§ 6. Военный быт. Важнейшим нововведением императорской эпохи было образование, в отличие от стоявшей в провинциях армии, особой императорской гвардии, имевшей свой лагерь под Римом у Коллинских ворот. Это были знаменитые преторианцы — десять когорт по тысяче человек, каждая под командой двух (редко одного) praefecti praetorio; они набирались обязательно из римских граждан и получали жалованье более чем в три раза большее против легионеров. Дурная слава, которой они пользуются поныне, несправедлива: они хранили безусловную верность императору и его дому, — сравните ответ их префекта, когда Нерон пожелал воспользоваться их услугами для устранения своей матери Агриппины: «Никогда преторианцы не дадут в обиду правнучки Августа!» — и злоупотребляли своей фактической властью только тогда, когда основы воинской дисциплины были потрясены убийством императора, как это случилось после Калигулы и Коммода. Последняя катастрофа имела последствием их роспуск Септимием Севером и набор новой гвардии из легионов с преимущественно негражданским составом; в этом виде они продержались до Константина.
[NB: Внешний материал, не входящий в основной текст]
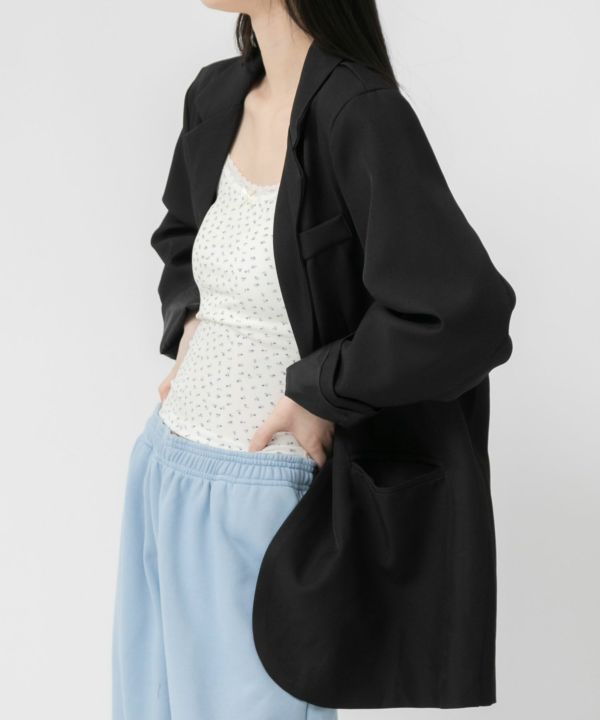 ゆったりとしたシルエットが特徴のテーラードジャケット。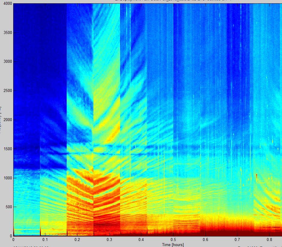 In my current positions, I’m focusing on two extremely endangered cetacean populations, the Cook Inlet beluga population in Alaska, and the southern resident killer whale population in the Pacific Northwest. These two populations live in very different locations, but are both facing very similar threats. Both populations are listed under the Marine Mammal Protection Act and are listed as “Species in the Spotlight” under NOAA Fisheries. Both populations have been listed as endangered for many years, yet continue to decline. As scientists, we believe the three main reasons for decline to be: exposure to high levels of anthropogenic (human-induced) noise [4] [5], high levels of contaminants found in their ecosystem as well as in their tissues [6], and a decline in prey availability (how much food is available in their environment). My focus has narrowed in on the anthropogenic noise issue due to my background in bio-acoustics and my fascination with cetacean communication. Since we know that both populations rely heavily on acoustics and communication to find other group members and locate prey, understanding how increasing levels of anthropogenic noise (i.e. cargo ships, whale watching vessels, ferries, military sonar and oil and gas exploration to name a few) may be affecting their ability to survive. This is where the eavesdropping portion of my job comes into play. Using our sea floor mounted hydrophones and acoustic tags, we analyze the many sound files to understand vocal communication, location of calls, and foraging success within their critical habitat and surrounding areas. We can also measure the levels and occurrence of anthropogenic noise in their habitats and how that is affecting their ability to forage and communicate with other group members.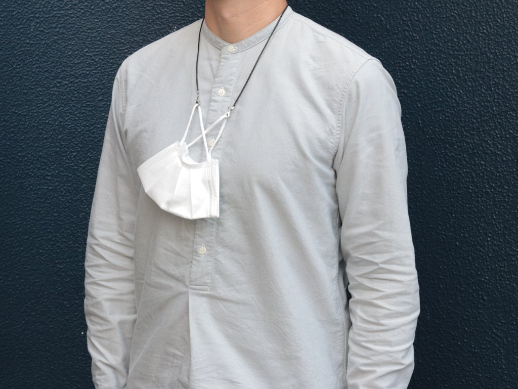 しかし、このように首からぶら下げておけばとても簡単に楽にマスクを外しておく事が出来ます。

Легионы стояли в провинциях, особенно в пограничных; они все были подвластны императорским легатам и через них императору, бюст которого в легионских значках присоединяется к традиционным орлам (выше, с.265). Стояли они в укрепленных лагерях, занимаясь в мирное время, кроме военных упражнений, еще саперными работами не обязательно фортификационного характера. Доступ посторонним в лагеря был запрещен; зато вблизи их обыкновенно возникали торговые посады (cannabae), со временем превращавшиеся в города. Срок службы был двадцатилетний, но и по его прошествии ветеран мог оставаться в войске в особых vexilla[98]; в противном случае он получал денежный дар или земельный надел. Римское гражданство было вначале условием для поступления в легион, но уже в I веке допускаются уклонения, пока Антонин Благочестивый не упразднил самого условия. В этом не было большого зла, пока набор производился из преданных римской власти провинциалов. Зародышем гибели был возникающий в III веке обычай образовывать военные границы из варварских, преимущественно германских племен; об этом в следующем отделе.
§ 7. Правовой быт в нашу эпоху представляет двойной аспект в зависимости от того, обращаем ли мы внимание на развитие самих правовых норм или на их осуществление в судопроизводстве.
Право в узком смысле переживает в первые столетия империи эпоху своего самого пышного расцвета. Преторский эдикт находит свое продолжение в разъяснениях как самих императоров (constitutiones), так и тех юридически сведущих лиц, авторитет которых император признал обязательным (responsa prudentium); из них еще при Августе прославились ученик Цицерона Требаций и особенно его ученик, умный и честный Лабеон. В нагроможденные таким образом отдельные постановления вносит порядок, развивая систему Сцеволы (выше, С.262), первый крупный юрист-систематизатор империи, Сальвий Юлиан, в составленном им по поручению императора Адриана «Edictum perpetuum». При Антонине Благочестивом пишет свои «институты» («Institutiones») полубезымянный для нас юрист Гай; его книга, будучи найдена в 1816 году Нибуром в веронском палимпсесте, сделала возможным изучение истории римского права. По своему назначению это было руководство, а не свод обязательного характера. Дело Юлиана продолжали при Септимии Севере Папиниан, величайший римский юрист, а при Александре Севере — Ульпиан и Павел. В этих именах сосредоточено лучшее, что удалось создать Риму в той области права, в которой он был учителем мира. Из многочисленных завоеваний юридической мысли Рима в нашу эпоху отметим в области деликтического (выше, с.261) права установление и обоснование понятия culpa[99] между понятиями dolus malus и casus[100] — то есть, по определению Ульпиана, nimia neglegentia[101], состоящая в non intellegere quod omnes intellegunt[102]. (Например: некто, живя на людной улице, днем без умысла выбрасывает через окно кирпич, которым убивает прохожего). В области неделиктического права следует отметить законодательство в обеспечение личности и имущества рабов, которые в нашу эпоху все более и более из res[103] превращаются в personae[104].